Tuesday, March 31, 2009

Hello, Goodbye relationship with Youtube.com

After it was restored for one day, Youtube.com is again blocked in China.

The most recent news articles I can access here are from last Thursday, reporting the Chinese government lifted its ban on Youtube.com. I suppose I'll report from here myself, since last night it's been blocked again.
"On Friday, people in Beijing access the site without using special software to enter it through a proxy server, a common way of getting around Internet walls put up by the government. Google said Tuesday that China had blocked YouTube but that it did not know why. The block came during a week when China was criticizing an Internet video, released by the Tibetan government in exile and put up on YouTube and other Web sites, that showed Chinese security officers beating handcuffed Tibetans."-taken from Edward Wong's New York Times brief
China is reporting this video was fabricated. Other sites that are recently blocked: keepvid.com and many pornography Web sites, according to this article.
"China has closed more than 2,000 Web sites and arrested at least 45 people in a sting against online porn launched in January. It has also vowed to stamp out erotic text messages sent on cell phones.

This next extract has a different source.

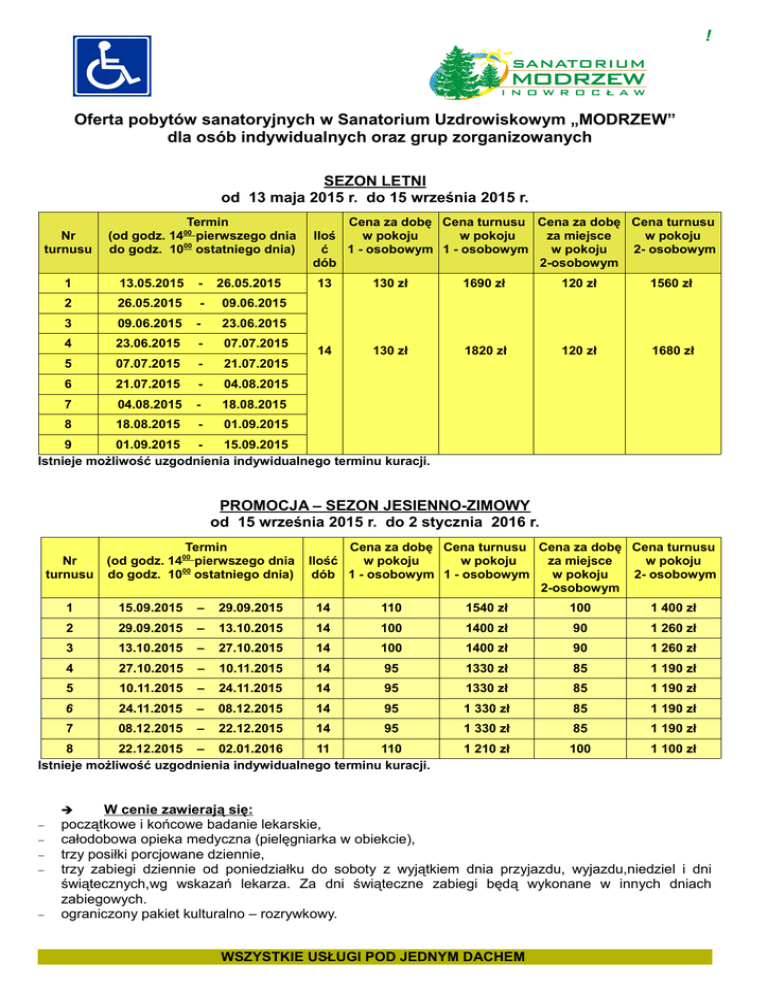 ! Oferta pobytów sanatoryjnych w Sanatorium Uzdrowiskowym „MODRZEW” dla osób indywidualnych oraz grup zorganizowanych SEZON LETNI od 13 maja 2015 r. do 15 września 2015 r. Nr turnusu Termin (od godz. 1400 pierwszego dnia do godz. 1000 ostatniego dnia) 1 13.05.2015 - 26.05.2015 2 26.05.2015 - 09.06.2015 3 09.06.2015 - 23.06.2015 4 23.06.2015 - 07.07.2015 5 07.07.2015 - 21.07.2015 6 21.07.2015 - 04.08.2015 7 04.08.2015 - 18.08.2015 8 18.08.2015 - 01.09.2015 Cena za dobę Cena turnusu Cena za dobę Cena turnusu Iloś w pokoju w pokoju za miejsce w pokoju ć 1 - osobowym 1 - osobowym w pokoju 2- osobowym dób 2-osobowym 13 130 zł 1690 zł 120 zł 1560 zł 14 130 zł 1820 zł 120 zł 1680 zł 9 01.09.2015 15.09.2015 Istnieje możliwość uzgodnienia indywidualnego terminu kuracji. PROMOCJA – SEZON JESIENNO-ZIMOWY od 15 września 2015 r. do 2 stycznia 2016 r. Nr turnusu Termin (od godz. 1400 pierwszego dnia do godz. 1000 ostatniego dnia) Cena za dobę Cena turnusu Cena za dobę Cena turnusu Ilość w pokoju w pokoju za miejsce w pokoju dób 1 - osobowym 1 - osobowym w pokoju 2- osobowym 2-osobowym 1 15.09.2015 – 29.09.2015 14 110 1540 zł 100 1 400 zł 2 29.09.2015 – 13.10.2015 14 100 1400 zł 90 1 260 zł 3 13.10.2015 – 27.10.2015 14 100 1400 zł 90 1 260 zł 4 27.10.2015 – 10.11.2015 14 95 1330 zł 85 1 190 zł 5 10.11.2015 – 24.11.2015 14 95 1330 zł 85 1 190 zł 6 24.11.2015 – 08.12.2015 14 95 1 330 zł 85 1 190 zł 7 08.12.2015 – 22.12.2015 14 95 1 330 zł 85 1 190 zł 1 210 zł 100 1 100 zł 8 22.12.2015 – 02.01.2016 11 110 Istnieje możliwość uzgodnienia indywidualnego terminu kuracji. W cenie zawierają się: początkowe i końcowe badanie lekarskie, całodobowa opieka medyczna (pielęgniarka w obiekcie), trzy posiłki porcjowane dziennie, trzy zabiegi dziennie od poniedziałku do soboty z wyjątkiem dnia przyjazdu, wyjazdu,niedziel i dni świątecznych,wg wskazań lekarza. Za dni świąteczne zabiegi będą wykonane w innych dniach zabiegowych. ograniczony pakiet kulturalno – rozrywkowy. − − − − − WSZYSTKIE USŁUGI POD JEDNYM DACHEM BEZ POTRZEBY WYCHODZENIA NA ZEWNĄTRZ! W okresie SEZONU LETNIEGO istnieje możliwość uzyskania 10% rabatu, który przysługuje kuracjuszom korzystającym po raz drugi i kolejny z pełnej kuracji trwającej co najmniej 14 osobodni w okresie poprzednich SEZONÓW LETNICH. W okresie PROMOCJI – SEZONU JESIENNO-ZIMOWEGO żadne zniżki i rabaty nie przysługują. WARUNKI REZERWACJI: Rezerwacja i warunki płatności: Zawarcie umowy o świadczenie usług na pobyt sanatoryjny pełnopłatny następuje po dokonaniu rezerwacji i jej potwierdzeniu poprzez terminową wpłatę zaliczki w wysokości 300 złotych od osoby w terminie 14 dni od dnia dokonania rezerwacji. Wpłaty zaliczki należy dokonać przelewem bankowym na konto: Bank Polska Kasa Opieki S.A. 55 1240 6003 1111 0010 4664 1125, przekazem pocztowym lub bezpośrednio w kasie Sanatorium. Pozostałą kwotę należy uiścić najpóźniej w dniu przyjazdu w recepcji. Brak wpłaty upoważnia Sanatorium do odmowy przyjęcia kuracjusza. Warunki rezygnacji: Kuracjusz może odwołać rezerwację, składając oświadczenie w formie pisemnej. W przypadku rezygnacji zgłoszonej na więcej niż 30 dni przed planowanym rozpoczęciem pobytu Sanatorium zwraca całą zaliczkę, na mniej niż 30 dni przed rozpoczęciem pobytu, wpłacona zaliczka ulega pomniejszeniu o 50%, a w przypadku rezygnacji na mniej niż 14 dni wpłacona zaliczka zostaje zatrzymana przez Sanatorium. W przypadku rezygnacji w trakcie pobytu kuracjuszowi nie przysługuje zwrot za niewykorzystane świadczenia. Wyjątek stanowi zdarzenie losowe (np.: zgon członka rodziny, wypadek kuracjusza udokumentowany pisemnie). Ogólne zasady: - pobyt rozpoczyna się o godz. 1400 w dniu przyjazdu i kończy o godz. 1000 w dniu wyjazdu - ewentualny dodatkowy, płatny nocleg przed planowanym przyjazdem lub po jego zakończeniu należy uzgodnić z recepcją - każde badanie lekarskie, ponad dwa przewidziane w pakiecie jest dodatkowo płatne - wizyty i badania specjalistyczne nie są objęte pakietem - nie przyjmujemy zwierząt domowych - należy wziąć z domu własne ręczniki , nie najnowsze (na zabiegi) bo niektóre zabiegi są brudzące (borowina, parafina, solanka) Dodatkowe atrakcje i możliwości: - ograniczony program kulturalno – rekreacyjny, wieczorki taneczne - bezpłatny dostęp do internetu - kaplica rzymsko - katolicka, biblioteka, kawiarnia, sklep spożywczy i przemysłowy - bezpłatny, niestrzeżony, oświetlony i nieogrodzony parking dla samochodów oraz możliwość wykupienia miejsca garażowego - możliwość wykupienia dodatkowego noclegu - możliwość wykupienia dodatkowych zabiegów - możliwość dokonania płatności kartą - możliwość przywiezienia ze sobą kijków do nordic walking, roweru , wózka inwalidzkiego lub chodzika jeżeli są potrzebne. UWAGA: KURACJUSZE POWINNI Z SOBĄ PRZYWIEŹĆ ZAŚWIADCZENIE LEKARSKIE O BRAKU PRZECIWWSKAZAŃ DO LECZENIA UZDROWISKOWEGO W UZDROWISKU INOWROCŁAW ORAZ LEKI NA CAŁY OKRES POBYTU, PONIEWAŻ RECEPTY NA STALE PRZYJMOWANE LEKI NIE BĘDĄ PRZEPISYWANE. WYJĄTEK STANOWIĄ NAGŁE NIEPRZEWIDZIANE ZACHOROWANIA. REZERWACJA MIEJSC: SANATORIUM UZDROWISKOWE „MODRZEW” ul. Wierzbińskiego 50 a 88-100 Inowrocław tel. 52 357 30 84 do 86 e-mail: [email protected] e-mail: [email protected]

Various blog hosts have been shut down as well, including some known for political content that ran against the central government line. " -taken from Network World article.
'Atta boy China–way to be vigilant. (For my students who read my blog frequently and for those of you in my writing class where we're about to study sarcasm, parody and satire, this is sarcasm.)

Saturday, March 28, 2009

Tibetan Serf Emancipation Day today, but no info available

Though the Chinese government may have invited more foreign media to Tibet in the lead up to today, Tibet's Serf Emancipation Day, according to a China Daily article, Internet users within China can't tell the difference. We can't get any foreign coverage of the holiday here anyway.

Internet searches for news about the holiday instated this year by the Chinese National People's Congress only reap articles by Xinhua, the media arm of the government, and China Daily, the country's only national English language publication published by the China Communist Party. Several other news sources came up in my searches–Reuters, Washington Post, a Taiwanese media outlet–but only a BBC and Times online article could be loaded. The Times online article was headlined, "New holiday celebrates freedom for serfs and lets China show itself in a good light."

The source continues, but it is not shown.